When Odysseus sails into the clutches of the breathtakingly beautiful goddess Circe, she turns his men into swine with a drugged drink (she turns them back, too) and persuades him to feast with her and her maidens on “enough food and drink to last forever.” And then to bed. Odysseus and his men gave in to her seductions and stuck around the island “day after day, eating food in plenty, and drinking sweet wine” for an entire year.
But the candidate for Super Glutton is the god Herakles (Hercules to the Romans), a bastard son of Zeus whose wife Hera tried to abort him and afterwards tried to make his life miserable. Herakles is, of course, a person of inhuman strength, but he emerges as a comic figure among Greeks who regarded his gluttonous antics as human foibles. From the earliest days of Greek drama Herakles is ridiculed for his brutish way of eating his food, his preference for a good meal versus a good woman and, in Aristophanes’s The Bird, even his reluctance to leave a barbecue in order to help save his own father. In an earlier play, The Frogs, Aristophanes had also portrayed Herakles as a god led around by his nose at the thought of food, describing how in a trip to the underworld he had gobbled up sixteen loaves of bread, 20 portions of beef stew, a mess of fish and a newly made goat’s cheese—baskets included—then, bellowing and drawing his sword, skipped out on the bill.
Though sometimes depicted in terracotta figurines from the 5th and 4th centuries BC as pot-bellied, overwhelmingly Herakles was sculpted in marble and bronze by both Greek and Romans as a male figure of daunting musculature with what today are called “killer abs.”
Alexander the Great was a mere mortal and a big drinker who on “on such a day, and sometimes two days together, slept after a debauch.” ALexander’s soldiers, named Promachus. won the prize after knocking down four gallons of wine (unmixed with water). But not everyone, especially the local people, was used to drinking so much wine, resulting in 41 deaths from alcohol poisoning.
Never defeated in battle, Alexander’s demise came at the age of thirty in 323 BC, in Babylon.
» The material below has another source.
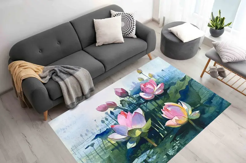 ピンクの花が描かれた現代的な水彩画のロータスプリントラグ
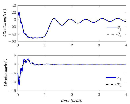In order to verify the validity of the dynamic equations obtained in this study, their dynamic characteristics in this study and those in [22] were tested under the same conditions. In [22], the out-of-plane motion is ignored in the model, thus the out-of-plane motion should be neglected in Equations (9)–(14). Substituting the out-of-plane libration angles into Equations (9)–(14), we have four degrees of freedom, and the corresponding generalized coordinates are and . Therefore, the same physical model is achieved. The equations of motion were verified by comparing the dynamic responses calculated in this study with the model responses reported by Shi et al. [22] with the same initial conditions and physical parameters. To facilitate the comparison, the initial conditions and relevant physical parameters of the system were set uniformly. The initial conditions were set as , , , and , which were randomly selected within reasonable limits. In order to reflect the movement of the tether, the tether velocity was set to . The physical parameters of the system were the same as those in [22]: orbit radius set at , mass of main satellite , mass of subsatellites set at , . The simulations were solved in a circular orbit in MATLAB 2017b with ODE45, an RK4 numerical integrator with variable step size.

The earliest reports say that after nights of excessive drinking, the young king fell ill with fever and died two weeks later. Others contend he was poisoned by his viceroy Antipater, while more modern conjectures propose the weary conqueror had picked up typhoid fever or meningitis or was done in by his over-use of the medicine hellebore, then prescribed as a purgative as well as for gout and signs of insanity.